WHAT YOU HAVE TO DO :: Working through the data below, reproduce word for word the line with "Come take a" and every line after it, both ends included, and omit the pictures.

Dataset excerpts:
^^^^^^^^

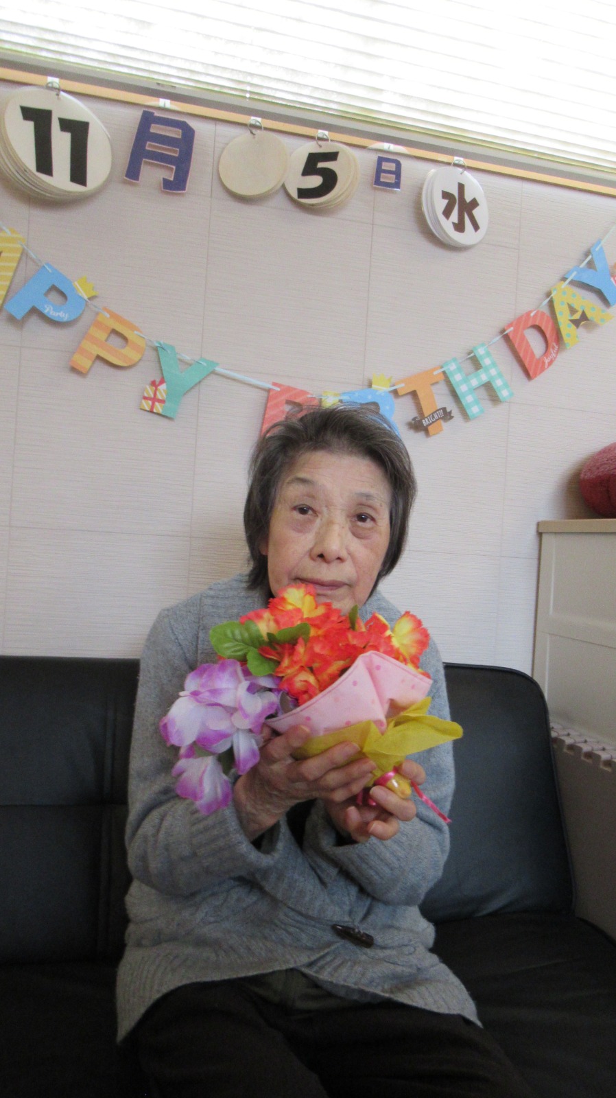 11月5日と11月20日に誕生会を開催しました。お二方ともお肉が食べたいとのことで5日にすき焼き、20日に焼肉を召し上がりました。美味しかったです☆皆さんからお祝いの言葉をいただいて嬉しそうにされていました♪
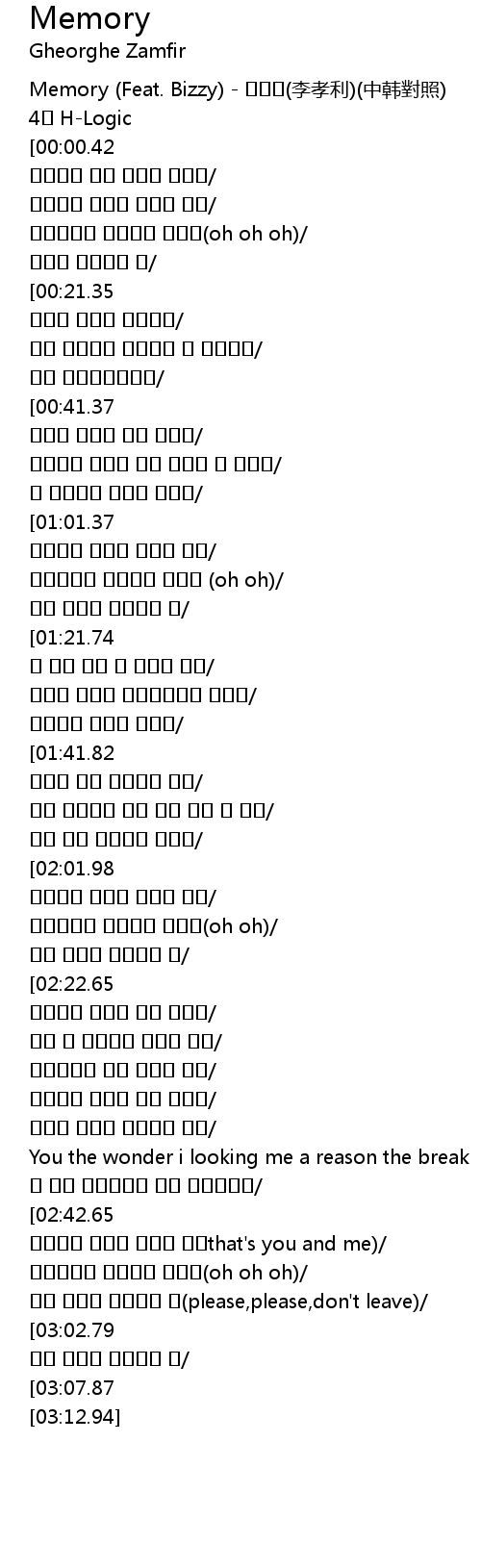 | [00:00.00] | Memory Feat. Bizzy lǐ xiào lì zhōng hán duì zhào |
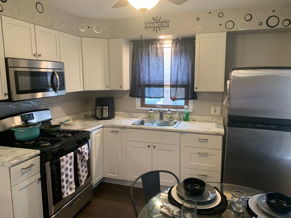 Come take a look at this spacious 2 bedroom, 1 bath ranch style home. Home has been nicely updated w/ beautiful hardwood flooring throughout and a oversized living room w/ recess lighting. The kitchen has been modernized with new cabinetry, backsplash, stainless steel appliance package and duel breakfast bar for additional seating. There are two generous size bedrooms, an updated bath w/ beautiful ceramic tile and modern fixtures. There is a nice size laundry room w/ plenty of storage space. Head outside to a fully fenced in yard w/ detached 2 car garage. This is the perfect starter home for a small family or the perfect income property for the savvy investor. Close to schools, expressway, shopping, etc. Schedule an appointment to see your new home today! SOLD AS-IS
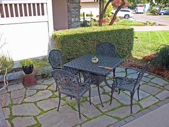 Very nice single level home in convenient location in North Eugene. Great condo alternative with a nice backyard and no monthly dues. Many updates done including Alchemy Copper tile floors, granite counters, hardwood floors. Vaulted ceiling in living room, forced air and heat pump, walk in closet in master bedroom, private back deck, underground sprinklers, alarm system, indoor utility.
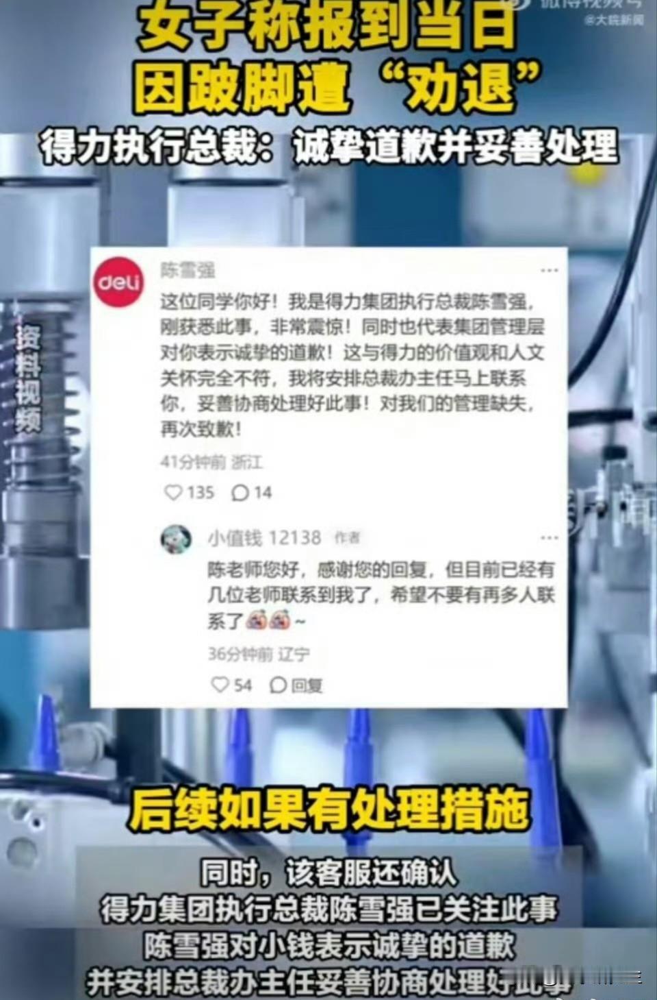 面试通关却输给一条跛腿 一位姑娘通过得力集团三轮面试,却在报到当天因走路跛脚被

^^^^^^^^

ANSWER TO THIS EXERCISE ::
 Come take a look at this spacious 2 bedroom, 1 bath ranch style home. Home has been nicely updated w/ beautiful hardwood flooring throughout and a oversized living room w/ recess lighting. The kitchen has been modernized with new cabinetry, backsplash, stainless steel appliance package and duel breakfast bar for additional seating. There are two generous size bedrooms, an updated bath w/ beautiful ceramic tile and modern fixtures. There is a nice size laundry room w/ plenty of storage space. Head outside to a fully fenced in yard w/ detached 2 car garage. This is the perfect starter home for a small family or the perfect income property for the savvy investor. Close to schools, expressway, shopping, etc. Schedule an appointment to see your new home today! SOLD AS-IS
 Very nice single level home in convenient location in North Eugene. Great condo alternative with a nice backyard and no monthly dues. Many updates done including Alchemy Copper tile floors, granite counters, hardwood floors. Vaulted ceiling in living room, forced air and heat pump, walk in closet in master bedroom, private back deck, underground sprinklers, alarm system, indoor utility.
 面试通关却输给一条跛腿 一位姑娘通过得力集团三轮面试,却在报到当天因走路跛脚被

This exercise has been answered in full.